Today his chores, tomorrow the world!
When it comes to Kiddo’s take on the way things work, he doesn’t do what doesn’t benefit him in some way. If there is no concrete reason for it, then there is no reason for it at all. Thanks to autism, he doesn’t see intangibles as really existing. Things like, it makes Mommy happy or the house looks nice for company or brushing one’s own teeth shows you are becoming a big boy – no, these are not important in a mostly black and white world. I get the attitude. It’s like my own when it comes to making my bed...no one but me and Hubs goes into our bedroom and we’re just going to get back into it that night. What’s the point?
I’d like to say I’m doing something productive with the two minutes I don’t use to make the bed, but I’m probably just picking my toenails somewhere.
Imagine my shock and delight then, when Kiddo did a chore for something that didn’t cost me money. Oh, he still expected payment all right, but not in the form of toys or anything physically tangible.
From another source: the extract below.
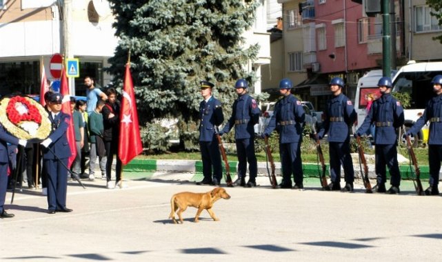 Cumhuriyet'in Kuruluşunun 99'uncu Yıldönümü Etkinlikleri öncesi düzenlenen çelenk sunma töreninde, tören alanına giren "minik dost" gülümsemelere neden oldu.Gürhan ADANA/Yenişehir Memleket (BURSA İGFA)

He did it to spend time with me.
It happened on Laundry Day, the one housecleaning item I cannot avoid. Among the many activities Kiddo’s school is always trying to guilt-trip us into participating in, Fun Naked Day is not among them. So dirty clothes must be washed and dried and folded and put away.
Kiddo wanted me to play remote-controlled cars with him. Quite frankly, I wanted to play too. Sending cars racing through the house to crash into walls and furniture and Hubs’ delicate ankles is a delight for me and child. However, there are days I impersonate a responsible adult. So I told my son, “I have to get this laundry put away. After I'm done, we'll play.”
He watched me for a few seconds as I worked on eradicating piles of neatly folded laundry. He considered the stacks of his socks, underwear, shirts, and pants. Then without any prompting whatsoever, he gathered his socks and went to his room.
As I shuttled back and forth putting away towels, sheets, and my clothing, Kiddo put his belongings where they needed to be. Shirts were even hung neatly rather than being flung in the closet, which would be what I imagine he would do. I gaped in astonishment as he diligently worked with pants hangers and stacked underwear in his drawer.
We both finished putting away at the same time. As he handed me the remote control to one of his cars and said, “Mommy plays now,” my heart nearly burst wide open. His reward for performing a chore/life skill was time with me. It was the only thing he wanted then and there. I rarely see myself as any prize, but I was one to my son. Who’d have thunk?
Kids really do want their parents' time and attention. Sometimes we're better than toys. It's nice to be reminded that once in a while, the only investment expected is the cheapest and yet most valuable one of all.